Er erschauderte leicht.
Sie erreichten eine weitere große, mit Eisenbeschlägen verzierte Tür, hinter
der sich eine breite, ebenfalls steinerne Treppe verbarg.
Scheinbar mühelos schleppten die beiden Kerle Alex die Treppe hinauf. Er
wehrte sich nicht, wusste, dass es zwecklos sein würde. Er war mittlerweile
sogar gespannt darauf, wo sie ihn hinbrachten.
Oben angekommen hielt Alex für einen Augenblick den Atem an. Ein
riesiges, prunkvolles Portal eröffnete sich ihm, seine Wächter schleiften ihn
achtlos hindurch. Und doch sah er all den Reichtum, die herrlichen alten Bilder –
die ihm alle seltsam fremd erschienen.
Sie traten durch eine weitere goldverzierte Tür, hinein in einen großen,
rotdunkel schimmernden Saal, in dessen hinterem Teil, auf einem kleinen
Podest, ein Thron stand.
Am Rande nahm Alex die Diener wahr, die sich in die Ecken des Saales
drückten. Unter seinen Füßen – ein dunkles Gestein mit einem leicht rötlichen
Schimmer, das er noch nie zuvor irgendwo gesehen hatte. Die Atmosphäre
verwirrte ihn; er musste sich zwingen, den Mann anzuschauen, der entspannt auf
dem prächtigen Thron saß und ihn mit einer kühlen Neugier musterte.
Er war sehr groß, das konnte Alex bereits so erkennen. Eine lange weiße,
mit schwarzen und roten Strähnen durchzogene Mähne fiel glatt auf seinen
breiten Rücken. Die Augen des Herrschers – denn er musste der Herrscher sein –
waren schwarz, doch tief in ihnen glomm ein kaltes Feuer. Sie waren wie zwei
Abgründe in dem kantigen, sehr männlichen Gesicht.
Die beiden Wächter traten an den Thron heran und gingen auf die Knie,
wobei sie Alex mit nach unten rissen. Dieser stöhnte leise, als er heftig auf dem
Boden aufschlug.
»Was soll das?« fauchte er ungehalten, die Tatsache missachtend, dass er
sich in Gegenwart eines Herrschers befand.
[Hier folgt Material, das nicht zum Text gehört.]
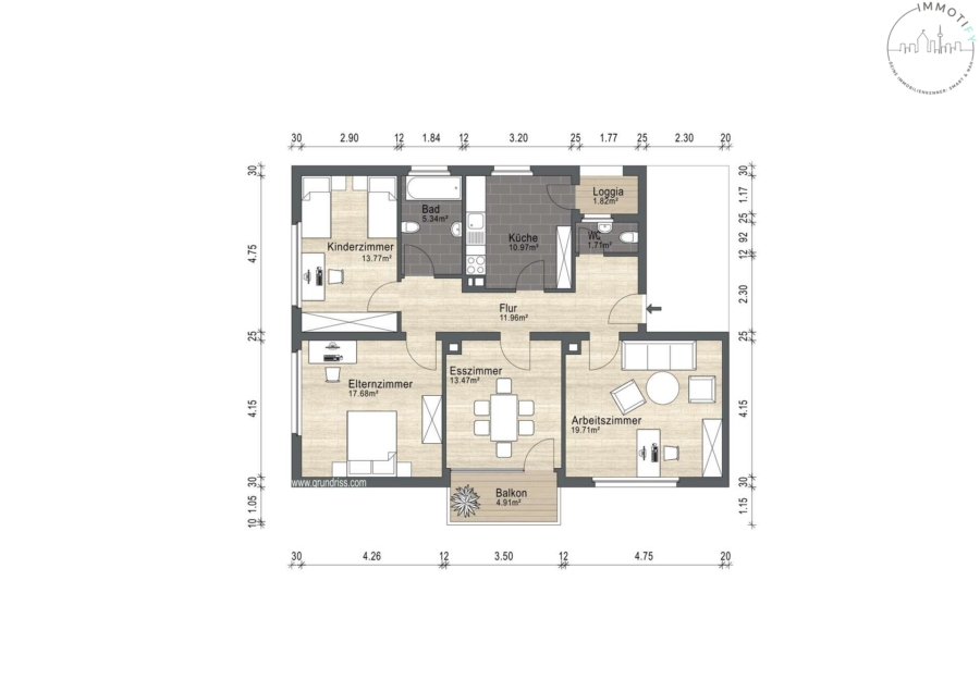 - Separater Waschraum innerhalb der Wohnung

Doch er wurde auf dem Boden gehalten.
Mit einem kalten, verachtenden Blick begegnete er den noch immer
neugierigen Augen des Mannes auf dem Thron. Dieser erhob sich langsam,
richtete sich zu seiner vollen Größe auf und stieg gemächlich die drei Stufen
hinunter, bis er direkt vor Alex stand.
Er war in der Tat monströs groß, wie Alex feststellen musste. Und durch
seine demütige Haltung kam er Alex noch größer vor.
»Ich bin erstaunt, sehr erstaunt, dass ein Wesen wie du sich in mein Reich
verirrt hat.« Der Herrscher baute sich vor Alex auf, er schien seinen Auftritt zu
genießen.
Dieser nutzte einen Moment der Unaufmerksamkeit seiner beiden
Bewacher, riss sich los und sprang auf die Füße. Er reichte dem Herrscher
vielleicht gerade bis zur Schulter, doch er funkelte ihn empört an.
»Ich verlange eine Erklärung! – Wo bin ich hier? Was soll das alles?«
In seinem Zorn bemerkte Alex nicht, wie die Diener erstarrten, wie selbst
seine beiden Wächter blass wurden.
Das Lächeln auf dem Gesicht des Herrschers blieb bestehen, doch mit einer
winzigen Handbewegung befahl er den Mann zu sich, der sich bisher im
Hintergrund aufgehalten hatte: den Mann mit den gutmütigen Augen.
»Astaran – entferne ihn von hier. Er wird lernen müssen, zu gehorchen. Ich
werde mich selbst darum kümmern.«
Alex wollte widersprechen, doch er wurde nun wieder von seinen Wächtern
gepackt, die ihn – sein wütendes Schreien ignorierend – davonschleppten.